[What is being asked]: Pictures must not appear in the copy. Reproduce exactly, and only, the lines from the one with "Elegantna in masivna" through the end of the data below.

--*--

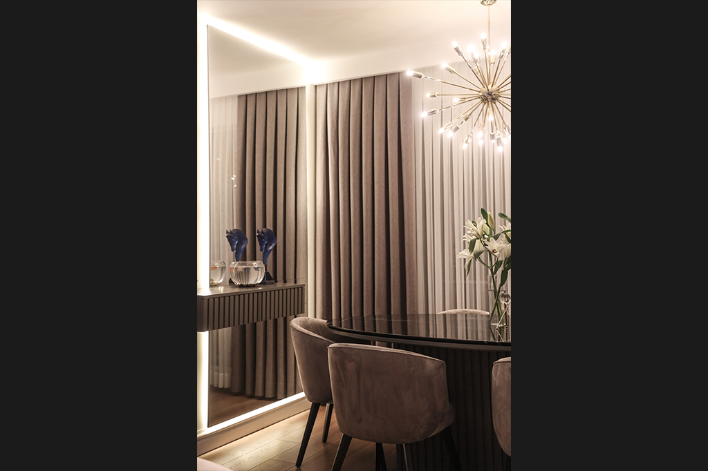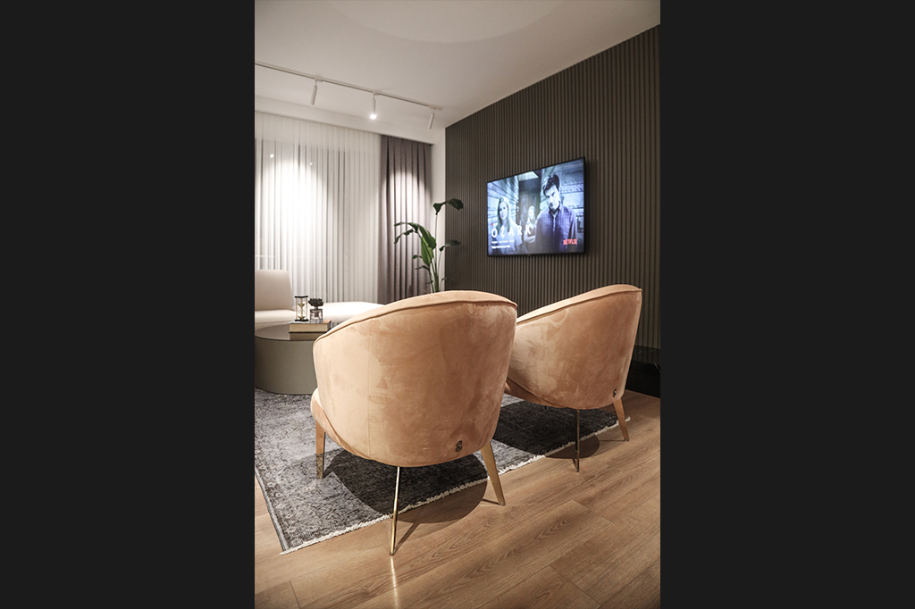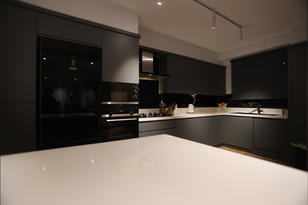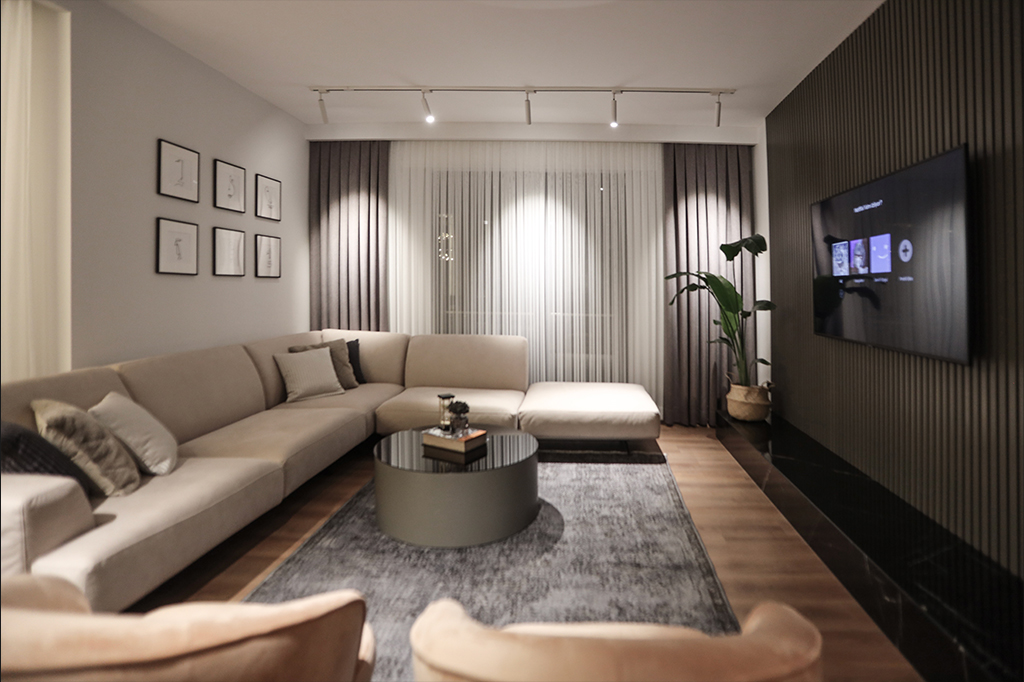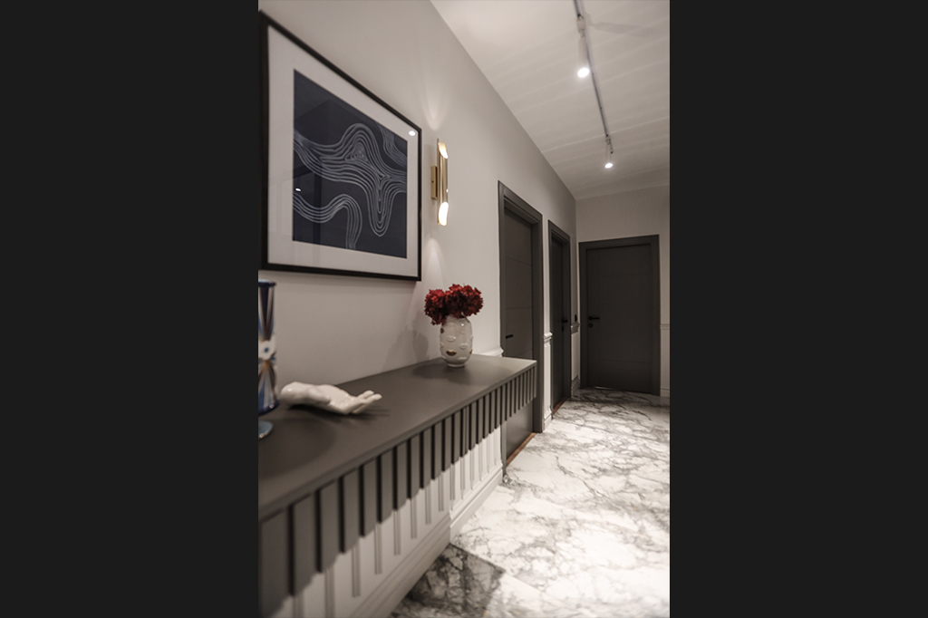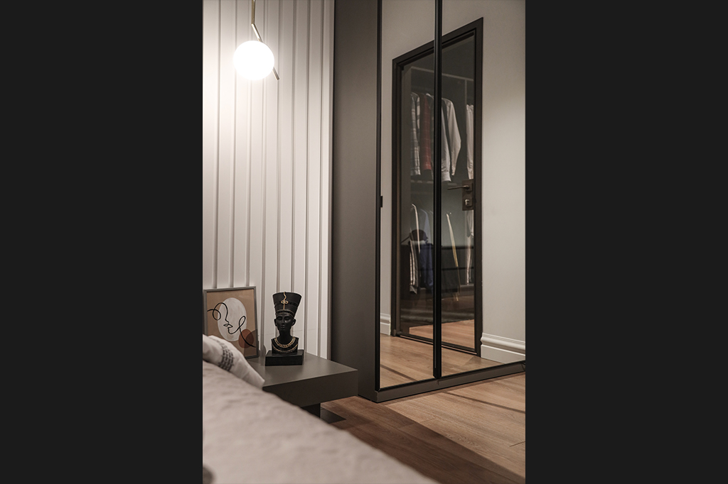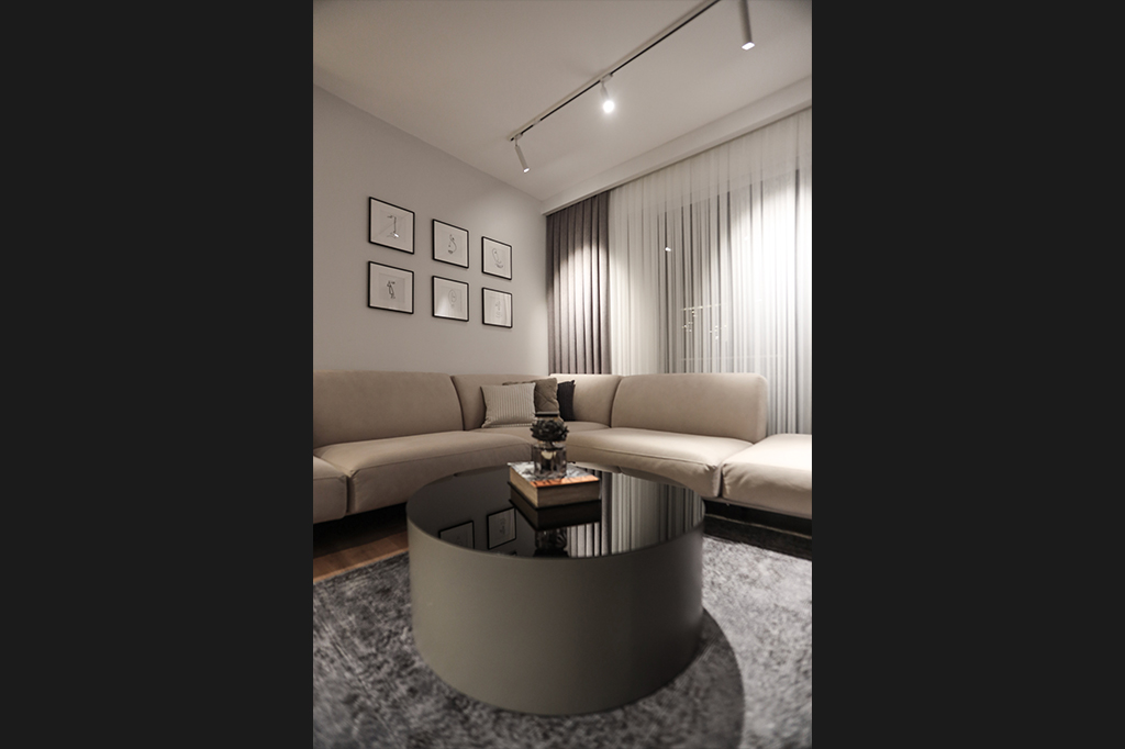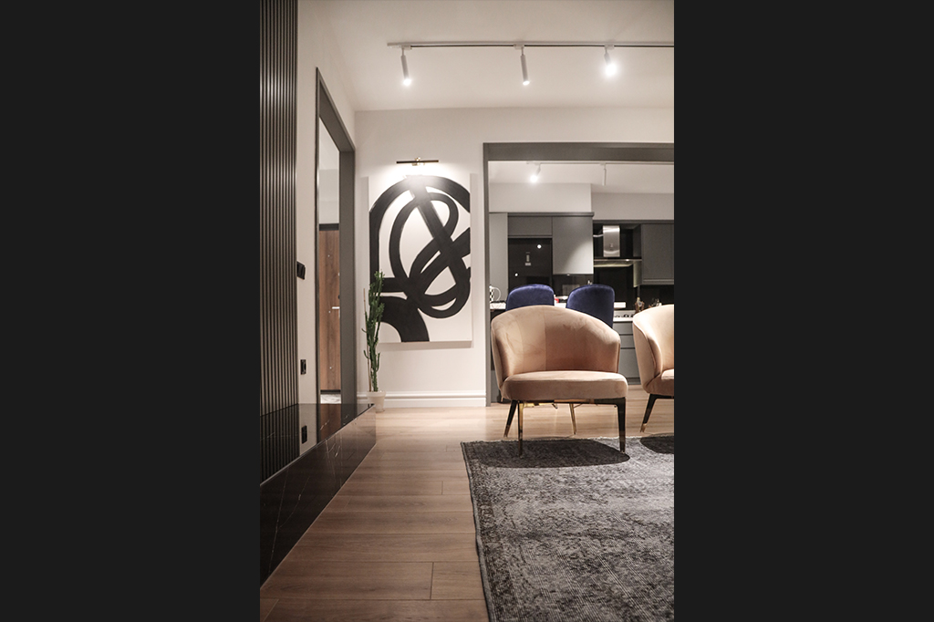 Dingin Renklerin Yanı Sıra Koyu Renklerin de Cesurca Kullanıldığı Bu Daire, Modern Kent Yaşamının İzlerini , İnce Düşünülmüş Mimari Kurgusu Sayesinde Keyifli Bir Yaşam Alanı Sunuyor.
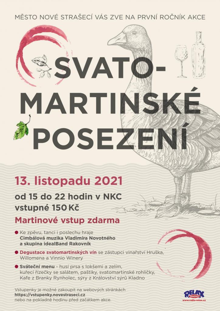 V NKC se bude v sobotu 13. listopadu od 15 do 22 hodin konat první Svatomartinské posezení s hudbou, výběrem chutných pokrmů a ochutnávkou svatomartinských vín z renomovaných vinařství. Kdo nebude chtít jíst ani pít, může jen poslouchat či tančit na hudbu rakovnického Ideal Bandu a Cimbálové muziky Vladimíra Novotného.
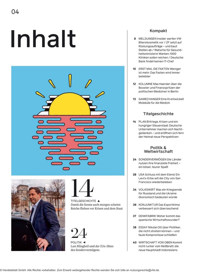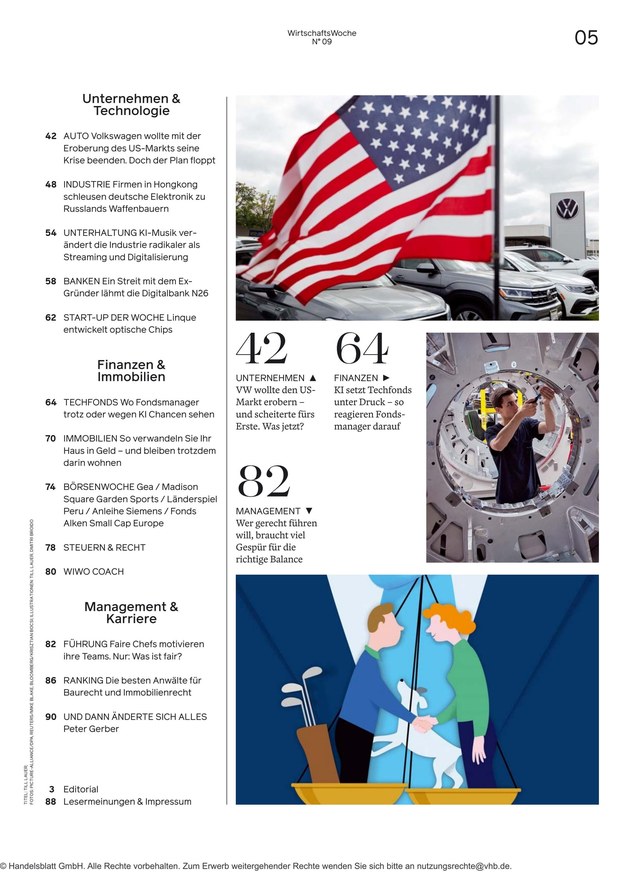 In der wöchentlich erscheinenden Zeitschrift Wirtschaftswoche lesen Sie Artikel und Diskussionen über aktuelle Themen aus Wirtschaft und Politik. Das ePaper informiert über alle relevanten News. Weiterlesen...
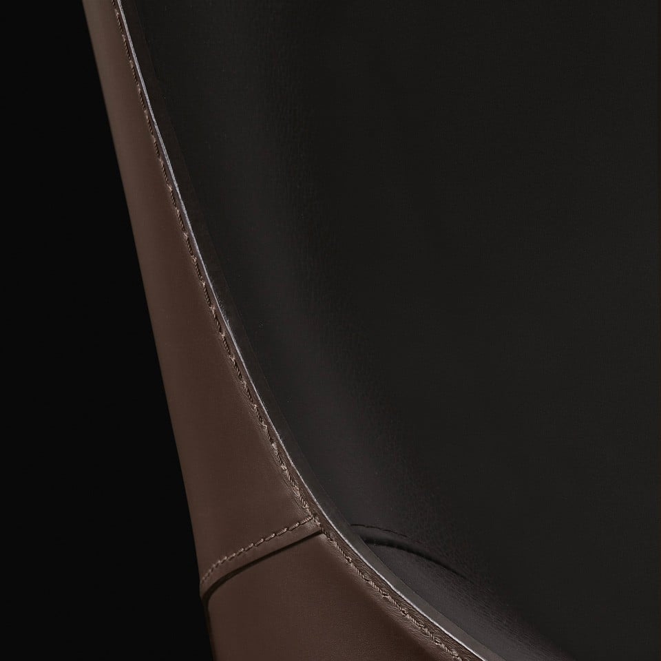 Synthesis and lightness are the cornerstones of natural elegance in the Stanford armchair. On the swivel metal base stands a seat with contemporary lines emphasised by the fabric upholstery or, in the leather version, with leather exterior and tone-on-tone leather interior.
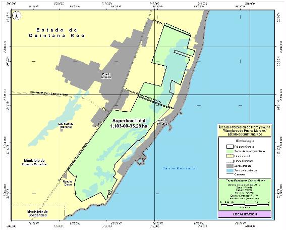 ARTÍCULO PRIMERO. Se declara área natural protegida, con la categoría de área de protección flora y fauna, el sitio Manglares de Puerto Morelos que, de acuerdo con el Marco Geoestadístico, versión 2022 del Instituto Nacional de Estadística y Geografía, se ubica en el municipio de Puerto Morelos, estado de Quintana Roo y que, abarca la superficie de 1,103-00-35.28 hectáreas (un mil ciento tres hectáreas, cero áreas, treinta y cinco punto veintiocho centiáreas), conformada por tres polígonos generales, que corresponden a la zona de amortiguamiento. La descripción limítrofe de los tres polígonos generales que conforman el área de protección de flora y fauna Manglares de Puerto Morelos, se encuentra en un sistema de coordenadas Universal Transversa de Mercator (UTM), zona 16, con Elipsoide GRS80 y Datum Horizontal ITRF08 época 2010.0.
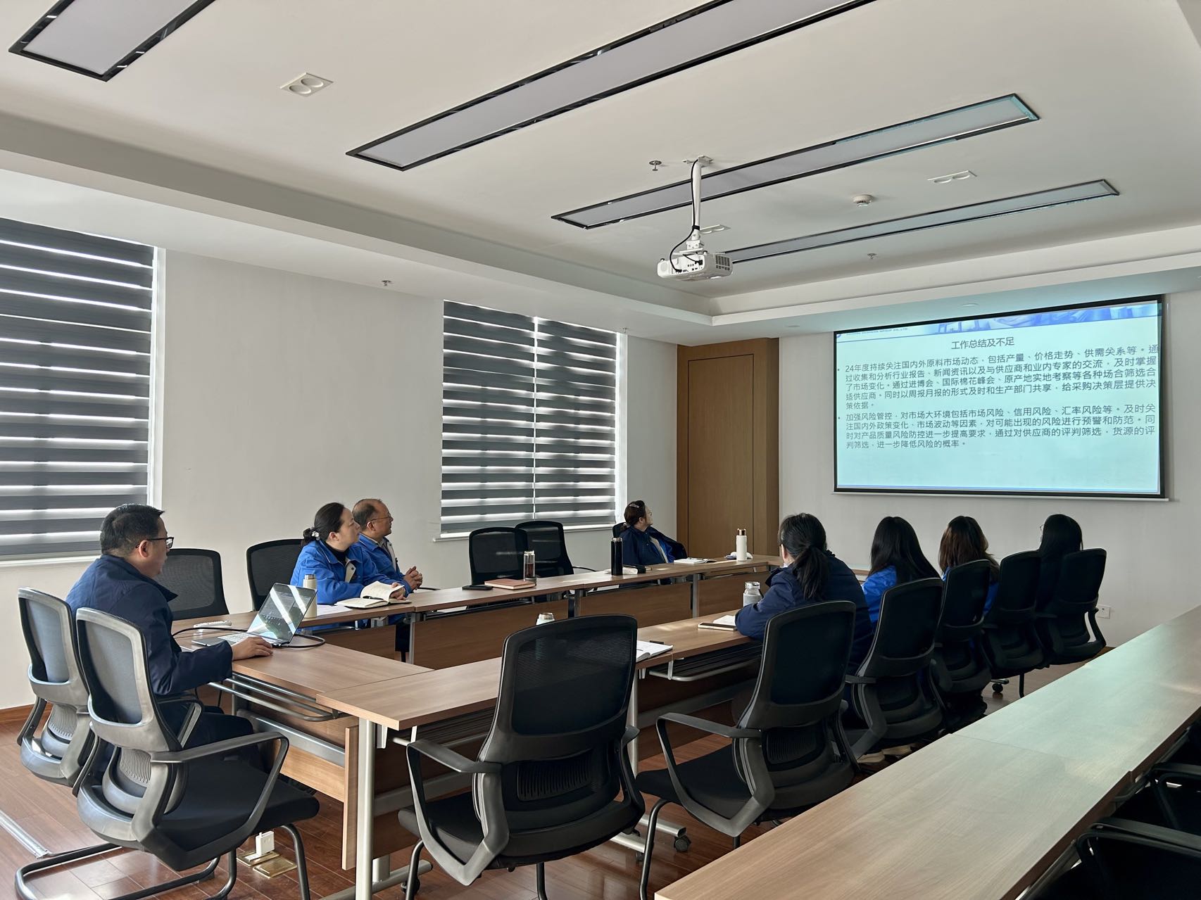1月10日,南通一棉进出口有限公司全体人员在集团301会议室召开2024年度工作总结暨2025年度工作部署会。集团公司党委委员、副总经理杭旭娟主持会议,党委副书记、总经理包卫东全程参会,作相关点评,并对2025年工作提出具体要求。 包卫东对进出口公司2024年的工作成绩表示认可,并明确了2025年的具体目标。强调新一年的工作中,对内,需进一步梳理现状、统筹规划、整合资源、挖掘潜力,利用精益管理工具实现自身优势最大化;对外,需根据外部变化,强化分析、研判市场能力,从每一次复盘中汲取经验,从而提升决策准确度。最后,希望全体人员提升学习能力,要具有敢于创新的精神,积极拓展新渠道、开拓新市场,在新的一年里取得更优异的成绩。 杭旭娟对大家在2024年严峻外贸形势下努力地付出和取得的成绩表示肯定,同时也明确指出大家在各自工作中存在的不足,并提出相关改善要求。2025年国际形势尚不明确,纺织品在传统市场直接出口的预期降低,因此提出以下几点要求:一在进口方面要做好统筹规划工作,服务好工厂车间;二在出口业务方面,要积极开拓新兴市场,做好客户服务工作;三在新渠道方面,要依托集团优势,统筹利用好各项资源,推动新渠道工作落地;四在精益管理方面,各个工作流程都要提升精细化管理水平,实现降本增效。 会上,进出口公司全体人员就原料进口、外贸业务、验厂认证等方面,对2024全年工作做详细总结及汇报,并根据各自岗位实际情况提出新一年度工作计划及切实可行的落地措施。
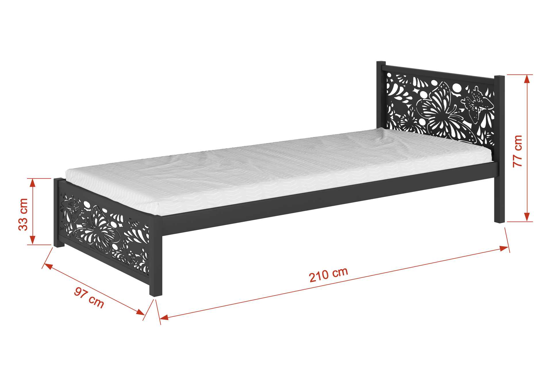 Elegantna in masivna postelja iz kovine je odlična izbira za mlade. Njeni minimalistični elementi zagotavljajo sodoben videz, dekorativne aplikacije v vzglavjih pa dodajo edinstven značaj. Zahvaljujoč visoki kakovosti izdelave z uporabo prašnega lakiranja je njena površina odporna na praske in enostavna za vzdrževanje.
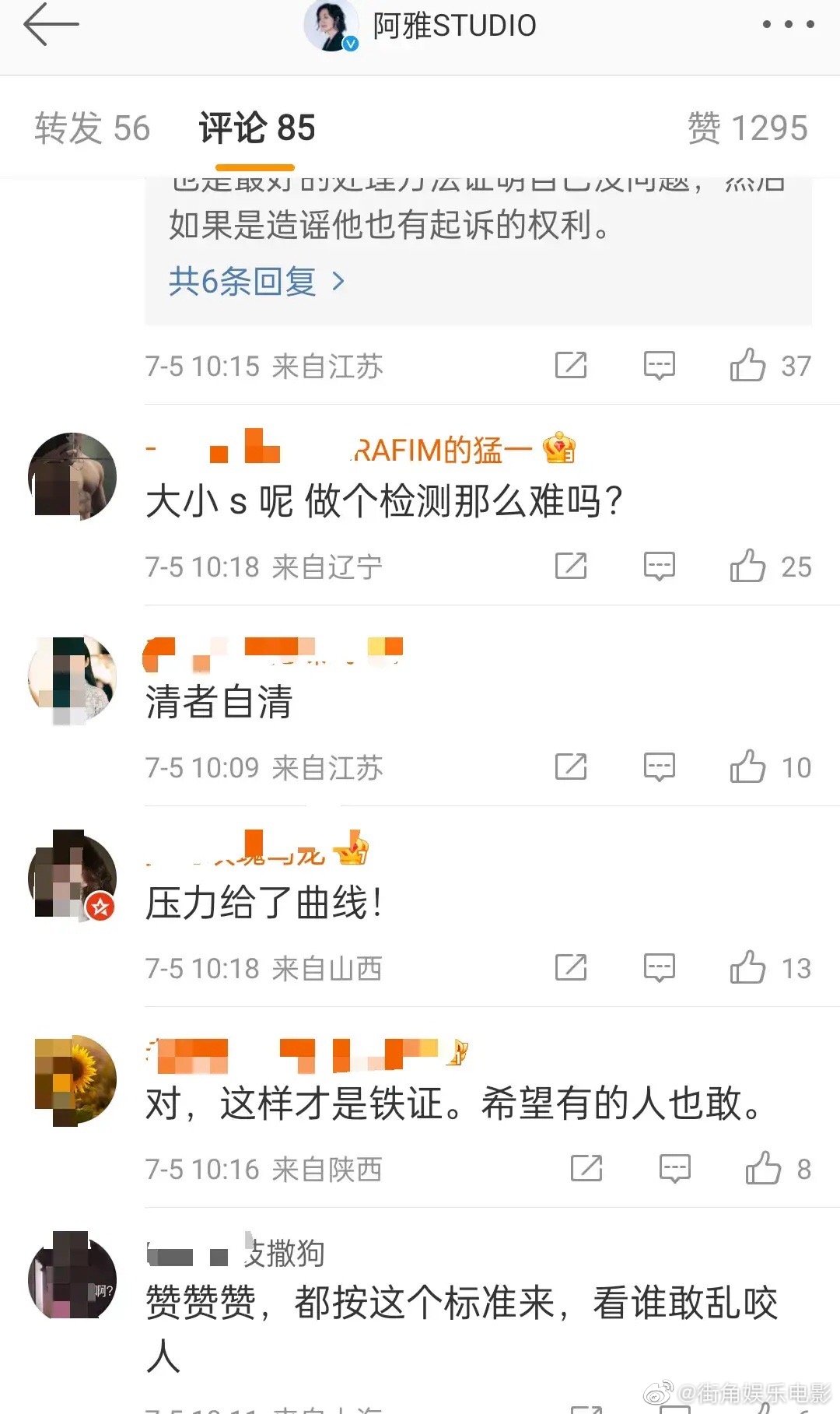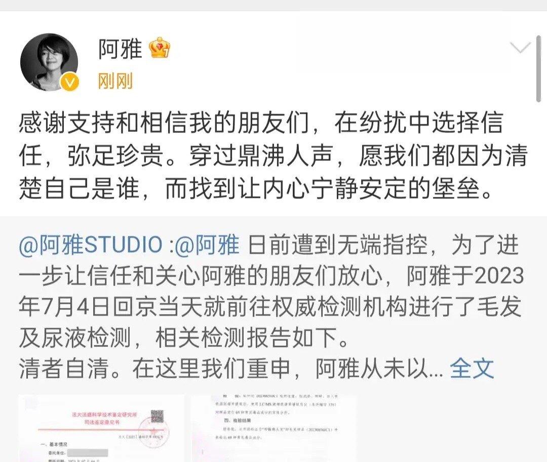 #阿雅毛发及尿液检测报告#阿雅工作室晒出了阿雅毛发及尿液检测报告后,许多网友夸赞阿雅做的好,还自己一个清白,希望一些艺人都按这样流程办,之后有网友提问“大小S做个检测有这么难吗?”也有网友表示,阿雅带了个好头,压力给了曲线。
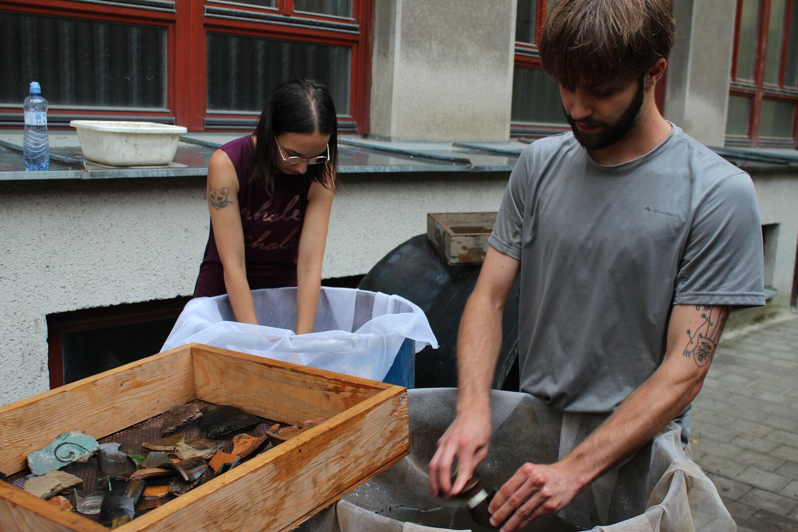 vyzvednutá v průběhu dvou etap archeologického výzkumu na dvoře budovy Fakulty

--*--

[The answer]:
 Elegantna in masivna postelja iz kovine je odlična izbira za mlade. Njeni minimalistični elementi zagotavljajo sodoben videz, dekorativne aplikacije v vzglavjih pa dodajo edinstven značaj. Zahvaljujoč visoki kakovosti izdelave z uporabo prašnega lakiranja je njena površina odporna na praske in enostavna za vzdrževanje.
 #阿雅毛发及尿液检测报告#阿雅工作室晒出了阿雅毛发及尿液检测报告后,许多网友夸赞阿雅做的好,还自己一个清白,希望一些艺人都按这样流程办,之后有网友提问“大小S做个检测有这么难吗?”也有网友表示,阿雅带了个好头,压力给了曲线。
 vyzvednutá v průběhu dvou etap archeologického výzkumu na dvoře budovy Fakulty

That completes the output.